/scrubber

Enumerate conformational, protomeric, and pH-related microstates for docking with AutoDock

Primary LanguagePythonGNU General Public License v3.0GPL-3.0

Scrubber

Process large numbers of small molecules for docking with AutoDock. May be useful for structure-based modeling in general.

What happens:

  • generate 3D coordinates using RDKit's ETKDGv3 and UFF minimization
  • enumerate tautomers (aiming at low energy states only)
  • enumerate pH corrections
  • convert boats to chairs (6-member rings) and enumerate both chair states
  • enumerate chiral centers (not implemented right now)

Installation

conda activate <desired-environment>    # if you are using conda environments

git clone git@github.com:forlilab/scrubber.git
cd scrubber
pip install -e .

Depends on the RDKit, which can be installed from conda-forge in the desired environment:

conda activate <desired-environment>
conda install rdkit -c conda-forge

Python scripting

from rdkit import Chem
from scrubber import Scrub

scrub = Scrub(
    ph_low=7.4,
    ph_high=7.4,
)

mol = Chem.MolFromSmiles("Clc1c(OCCC3)c3ccc1C(=O)Nc2nc[nH]c2")

# each state (e.g. tautomer) an rdkit mol and may have multiple conformers
for mol_state in scrub(mol):
    print(Chem.MolToSmiles(mol_state), "nr conformers: %d" % mol_state.GetNumConformers())

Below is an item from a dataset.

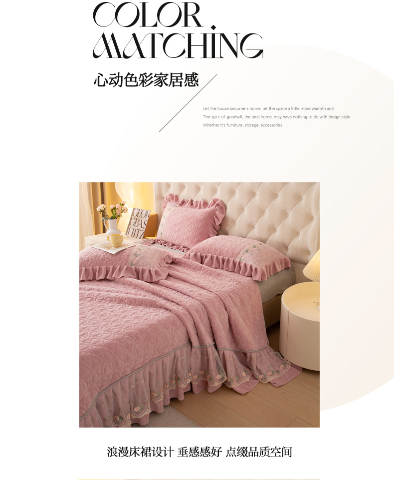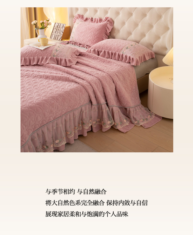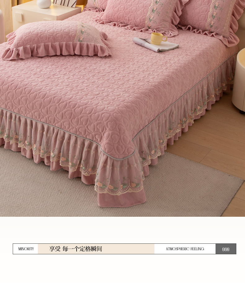 (总)能好家纺 2025新款蕾丝工艺水晶绒夹棉床裙,宝石兰,藏青,豆沙,粉玉,灰,酒红,墨绿,月光蓝

Command line tool examples

scrub.py "c1cc[nH]c(=O)c1" -o scrubbed.sdf --pH 5 --skip_gen3d
scrub.py input_mols.sdf -o scrubbed.sdf
scrub.py input_mols.smi -o scrubbed.sdf

Other options described in the help message:

scrub.py -h

Where "input_mols.smi" can look like this:

CC(=O)O aceticacid
CN(C)C trimethylamine 
Clc1cc(O)ccc1C(=O)Nc2nc[nH]c2 hello_mol
c1cccc1 rdkit_will_cry
CCC good4bbq
CCO alsogood4bbq
c1cccnc1CC(=O)C a_ketone